Data to examine
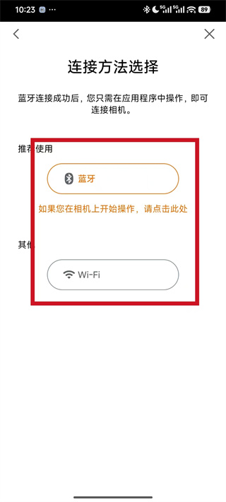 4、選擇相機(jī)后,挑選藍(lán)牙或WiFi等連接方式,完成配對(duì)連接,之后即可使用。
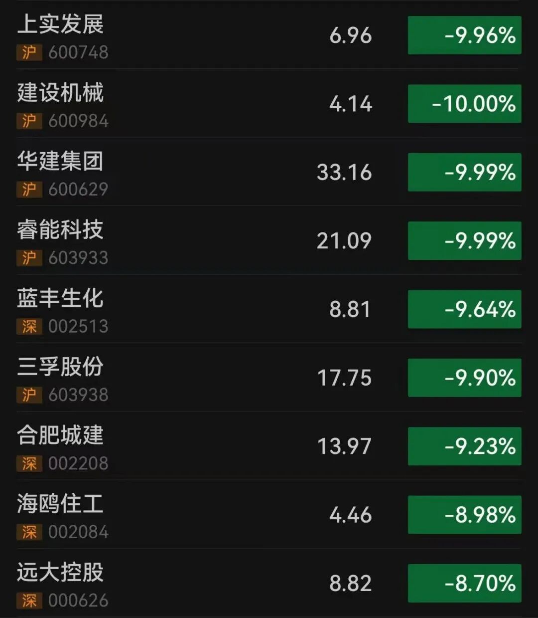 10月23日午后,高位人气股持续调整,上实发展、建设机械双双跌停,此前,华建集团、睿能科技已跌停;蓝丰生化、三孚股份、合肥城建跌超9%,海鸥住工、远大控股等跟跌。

--

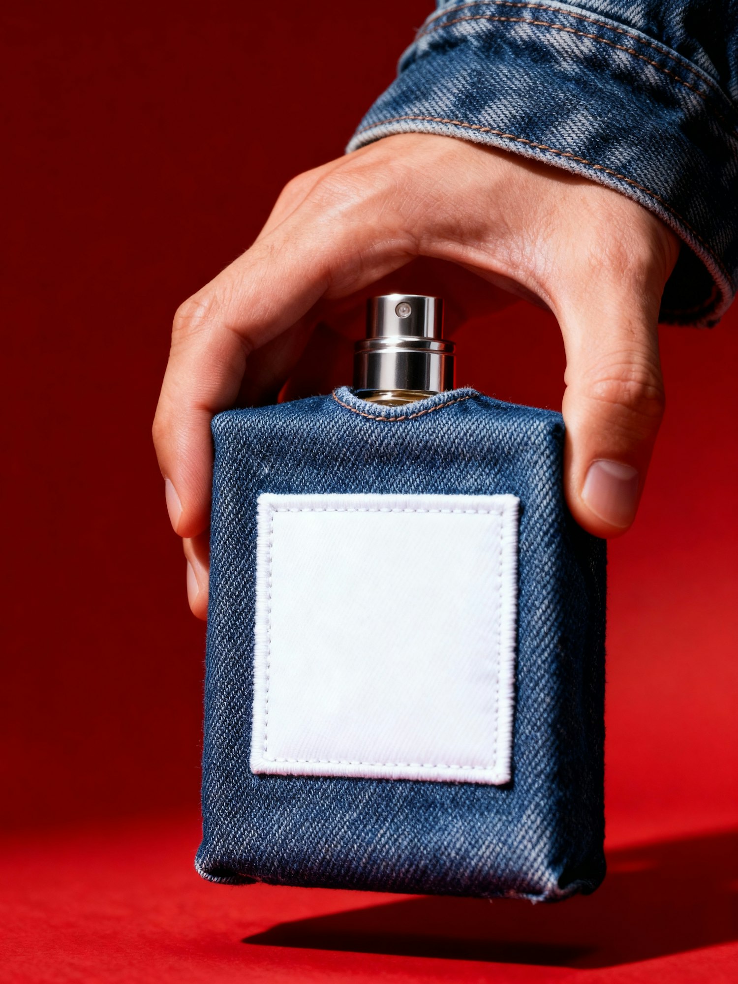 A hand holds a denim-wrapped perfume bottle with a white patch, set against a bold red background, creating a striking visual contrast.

Problem to solve
Reproduce, word for word, everything in the listing above from the line containing "4、選擇相機(jī)后,挑選" down to the line containing "10月23日午后,高位人气股", both of them included. No pictures.

Result for this exercise
 4、選擇相機(jī)后,挑選藍(lán)牙或WiFi等連接方式,完成配對(duì)連接,之后即可使用。
 10月23日午后,高位人气股持续调整,上实发展、建设机械双双跌停,此前,华建集团、睿能科技已跌停;蓝丰生化、三孚股份、合肥城建跌超9%,海鸥住工、远大控股等跟跌。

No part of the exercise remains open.